It’s clear that there has been a lot of recent market movement toward self-service business intelligence (SSBI) in the many vendor offerings that are out there. The Data Science community is also becoming more concerned that business users may not understand or misinterpret the data that is available, which could lead to incorrect results. (data science in Malaysia)
Experienced data scientists are very good at analysing, comparing, drilling down into, and viewing data in a way that allows them to get useful market intelligence from the data. In business, people who don’t have a lot of experience with data can make mistakes and not see important things.
Thus, even though self-service business intelligence platforms are available now, skilled data technologists may still be need to help business users get strategic intelligence and then show it to them in a way that is easy to understand. Self-service BI is more than a set of tools that are easy to find and use. It also includes a lot more than that.
Data for Analytics (data science in Malaysia)
In the post An Introduction to Self-Service Business Intelligence, the author talks about how an average person can “filter, group, or segment” data for Analytics without having to know how to use business intelligence systems, which was the case with traditional BI. SSBI doesn’t work like that: “One size does not fit all.” Before designing a self-service business intelligence platform, the IT team should pay close attention to the needs and expectations of the users in question. Self-service BI systems must be flexible and scalable so that they can be use by a wide range of people, even though only a few people are super-users.
He says in Why We Must Rethink Self-Service BI that the danger is making complex tools available to people who don’t know how to use them. Even though it’s not good to rely too much on data technology teams in the long run, there must be enough caution to make sure that some key technical people lead the business users at all levels in how they use their data and what tools they use to get the best results.
It’s not good for people to be left alone with sensitive data or technical tools without having been properly trained. DATAVERSITYarticle ®’s “Self-Service Business Intelligence” is a lot of text. Is it right for everyone? tries to figure out how to move from a traditional BI landscape to self-service BI.
Self-Service BI and Self-Service Analytics (data science in Malaysia)
Self-Service BI and Self-Service Analytics may not be able to replace Data Scientists, but they may help them.
In self-service BI, business users can use a guided analytics platform to find their own solutions without the help of a data technologist. However, the Forbes post “Why Self-Service Analytics Won’t Replace Data Analytics Professionals, May Help Them” shows that this goal is still a long way off, with technologies like OLAP and data discovery only meeting some of the needs of users. User: I want complete freedom from technical experts, but I’m not sure I’m ready for all of the new self-service BI technologies and tools that are out there yet!

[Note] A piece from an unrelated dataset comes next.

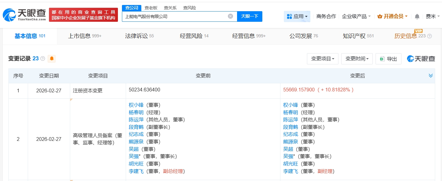 雷达财经讯,天眼查App显示,近日,上能电气(300827)发生工商变更,注册资本由约5亿人民币增至约5.6亿人民币,增幅约11%。

In the case of data discovery, users have often been drawn to dazzling graphics, but they may have forgotten about the basics of getting meaningful insights from data patterns. Modern self-service BI tools are easy to find, but most business users prefer to stay with one business application instead of switching to a separate self-service analytics platform all the time.
Users want to be able to quickly get and combine data from different sources, then explore and query the data to get quick business insights that can help them make quick decisions. In some ways, new technologies like big data and Hadoop have made this possible. Interpreting and combing complex data to find useful insights is still a long way off.
How to Make Business Intelligence Self-Service
New technology problems keep coming up, and they require a thorough understanding of the entire Data Management ecosystem, which includes big data, Hadoop, data discovery, data visualisation, and other technologies.
Hidden costs of Self-Service BI initiatives raises an important operational issue for those who work with Self-Service BI projects. This is what the article says. As different data analysts work on their own projects at different times, there is a chance that SSBI’s overhead costs will go up. The simultaneous running of the same datasets with the same results will also use up system resources. On the other hand, analytics that are done for a specific purpose or for a small group of people can be hard to read and cost more. When one person or group makes data models, and another person or group makes reports, this can happen a lot. As a result, it might be better to make clear assumptions about data preparation, data modelling, and reports at the start of the project.
There are problems with self-service BI, like data security and data governance.
Consider hiring data security and Data Governance experts to make sure that a new self-service BI implementation goes through pre- and post-implementation checks for security, as well as Data Governance experts to make sure that the data is safe.
There are many reasons why data security on self-service BI platforms is important, including: Digital privacy measures to keep data from being see by people who don’t belong to the company, the prevention of internal misuse, and the avoidance of human errors when people use the data. You can find out more about how to make sure that Self-Service BI is properly govern in an article called Getting the Most Out of Your Self-Service Analytics. The article has a checklist for Data Governance.
There are still some self-service BI platforms that don’t have the right data security and Data Governance controls in place. The data preparation tools in good self-service BI platforms store, manage, and provide access to the source data, prepared data, and data models in a way that doesn’t stifle the ability to do self-service analytics.